Starting in the mid-1960s, Canadian lesbians started leaving their closets en masse to find each other and build community. After decades of having their sexuality pathologized, disparaged, or erased from public view, these young women were ready to make a scene – both by bringing attention to themselves in order to challenge prevailing stereotypes and by creating physical spaces and opportunities for lesbians to get together.

Making a Scene documents the lesbian movement that developed in Canada between 1964 and 1984. Not just a story of big-city life, it chronicles the spaces lesbians created across rural and urban Canada, from physical locations – such as lesbian and gay centres, drop-ins at women’s centres, communal houses, bookstores, bars, cafés, and private members’ clubs – to the ephemeral sites women travelled to in order to meet each other – such as conferences, workshops, festivals, and Dykes in the Streets marches.

Enriched by interviews and a wealth of primary sources, including diaries, letters, newsletters, reports, and minutes, Making a Scene brings to life the exuberance of these young women and the challenges they faced during this transformational period in Canadian history. It consolidates existing work, introduces new research and insights, and is bound to inspire future studies of lesbian geographies.

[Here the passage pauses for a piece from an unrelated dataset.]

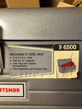 Craftsman steel mechanics tool box. 1,290 cubic inch capacity with two draw bolts and padlock eye.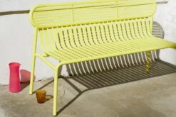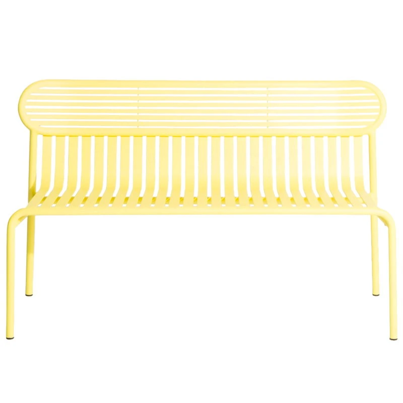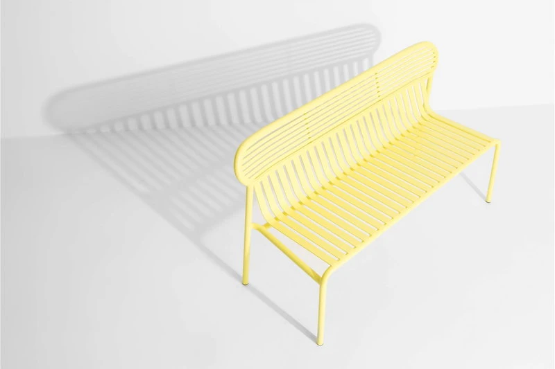 Week-end-penkki on osa ranskalaisen Petite Frituren alumiinisten ulkokalusteiden kokoelmaa. Week-end-penkin tunnistettavimpiin piirteisiin kuuluvat sen selkänojan ovaalinmuotoiset yksityiskohdat sekä vaaka- ja pystysuorien linjojen vuorottelu. Linjakkaasti muotoiltu, ulkokäyttöön suunniteltu penkki sopii sulavasti yhteen saman sarjan pöytien kanssa.

Scholars and students of gender and sexuality studies, women’s studies, cultural geography, and critical geography will welcome this book, as will anyone interested in lesbian and women’s history.

 

Liz Millward

Liz Millward is an associate professor of Women's and Gender Studies at the University of Manitoba. Her work on lesbian place-making has been published in Gender, Place and Culture, Feminist Media Studies, Women's History Review, and Australian Feminist Studies. Her book Women in British Imperial Airspace, 1922-1937 won the Canadian Women's Studies Association Annual Book Prize in 2010.